_TRY IT:_
Repeat only the lines from the one containing "1 .CSC D70: Compiler" to the final line below, exactly as they read, and leave every picture out.

_STORED DATA:_
========

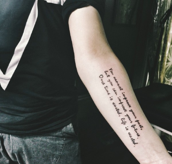 处在女生手臂三排简单英文纹身
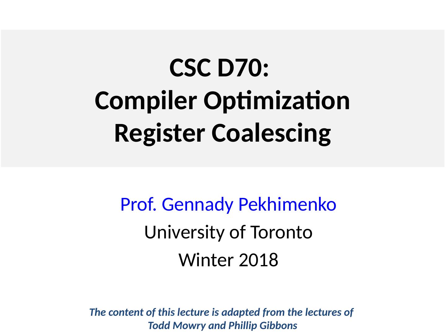 1 .CSC D70: Compiler Optimization Register Allocation Prof. Gennady Pekhimenko University of Toronto Winter 2018 The content of this lecture is adapted from the lectures of Todd Mowry and Phillip Gibbons
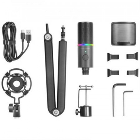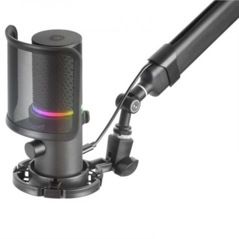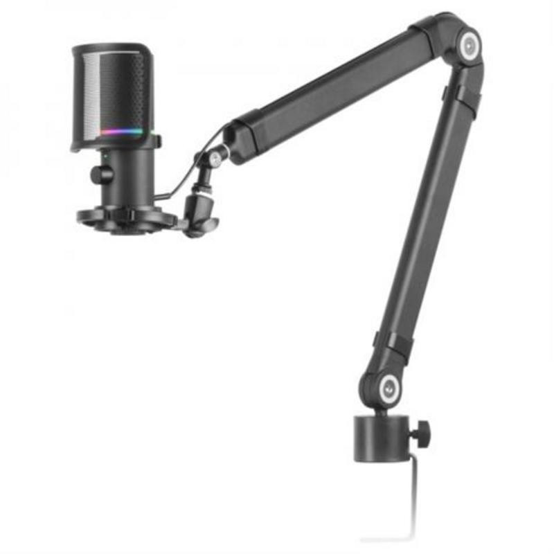- Brazo Mecánico Regulable Omnidireccional: Coloca el micrófono en la posición perfecta para tu configuración, garantizando la máxima comodidad y una captura de sonido óptima.

========

_RESPONSE TO THE TASK:_
 1 .CSC D70: Compiler Optimization Register Allocation Prof. Gennady Pekhimenko University of Toronto Winter 2018 The content of this lecture is adapted from the lectures of Todd Mowry and Phillip Gibbons
- Brazo Mecánico Regulable Omnidireccional: Coloca el micrófono en la posición perfecta para tu configuración, garantizando la máxima comodidad y una captura de sonido óptima.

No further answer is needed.